LG to exit EV charger business amid weak demand, price pressure
The decision is part of a strategic realignment aimed at strengthening the company's focus on its heating, ventilation and air conditioning business, a key growth driver under its eco solutions division.
"Due to structural shifts in the business environment, including a protracted demand slowdown — referred to as the 'chasm' — and intensifying price competition, we have decided to wind down the EV charger business," said an LG Electronics official.

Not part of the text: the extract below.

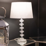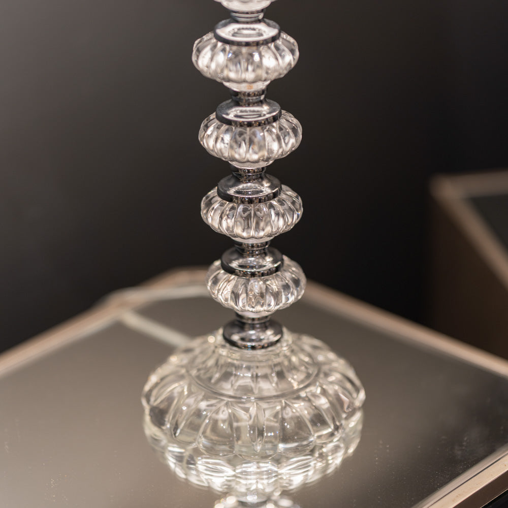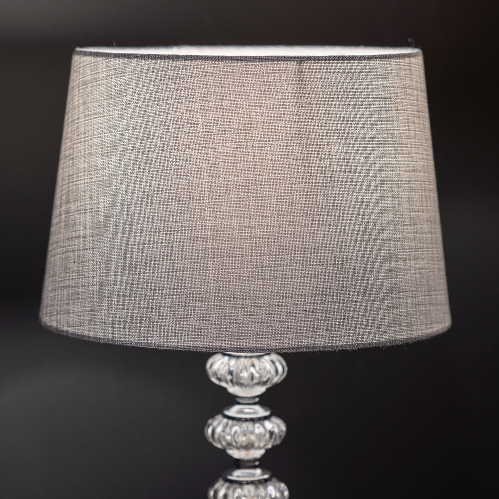 With its curvaceous chrome and cut-glass stem, this lamp is a glamorous, feminine addition to any home. the shade, in palest grey, casts a soft, diffuse light.

HiEV Charger, LG's wholly owned subsidiary responsible for the manufacturing of EV charging equipment, will begin liquidation procedures. LG said all employees involved in the EV charging business will be reassigned to other divisions within the company.

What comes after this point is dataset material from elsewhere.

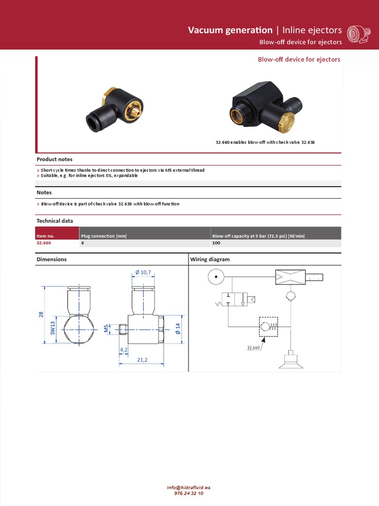 Item no. Plug connection [mm] Blow-off capacity at 5 bar (72.5 psi) [Nl/min]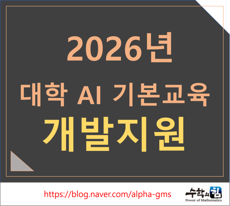 안녕하세요~! 폼나게 공부하고 폼나는 대학가자! 제주 수학의 힘 입니다. 교육부와 한국대학교육협의회는 지난 4월 23일에 2026년 대학 AI 기본교육과정 개발 지원사업 선정평가 결과를 발표하였습니다. 이 사업은 AI가 일상화된 시대에 전공과 관계없이 모든 대학생이 AI기본 역량을 갖출 수 있도록 대학의 AI 기본교육과정 개발을 지원하는 신규사업이라고 교육부는 밝혔습니다. 전공이나 지역 등 여건에 따른 대학 간 AI 교육 격차를 해소하기 위해, 교육부가 별도 지원하는 9개 교의 거점국립대 및 과학기술정보통신부가 선정하여 지원 예정인 10개 교의 AI 중심대학을 제외한 대학 중 20개교를 선정하여 지원합니다. 2026년 신규 선정 공모....... <img src="https://blogthumb.pstatic.net/MjAyNjA0MjVfMzcg/MDAxNzc3MDgxMzk2MTE1.5THyuojqTLsHuq6N2YzVkGoGE2iQE-Q3YLv8jDMC--og.lGONKJqG3PgE45Hxwuj83pMwDhuOEvBGnwd3NyRCpTkg.PNG/20260425_104158.png?type=s3" />

Despite winding down the business, LG said it will continue to provide maintenance and support services to existing clients without disruption.
LG had initially entered the EV charging market with high expectations, aiming to make it a key pillar of its business-to-business portfolio.
After starting preliminary research and development in 2018, the company acquired HiEV Charger, formerly AppleMango, in 2022 and launched charging infrastructure at E-mart stores and other domestic locations.
Chief Executive Officer Cho Joo-wan previously identified EV charging as one of LG's future growth engines, outlining a bold vision in 2023 to grow the segment into a trillion-won business by 2030 as part of LG's 100 trillion won ($70 billion) revenue goal.
At the beginning of last year, LG established a charger production base in Texas. The company partnered with ChargePoint, the No. 1 EV charging service provider in North America, in June, and has been operating six types of slow and fast EV chargers in both the domestic and North American markets.
LG had also set a goal of securing an 8 percent share of the US fast charger market by 2030, aiming to become a global top-tier company.
However, HiEV Charger marked two consecutive years of large deficits. It posted 10.6 billion won in revenue and an operating loss of 7.2 billion won last year. In 2023, the company posted 5.9 billion won in revenue with an operating loss of 7 billion won.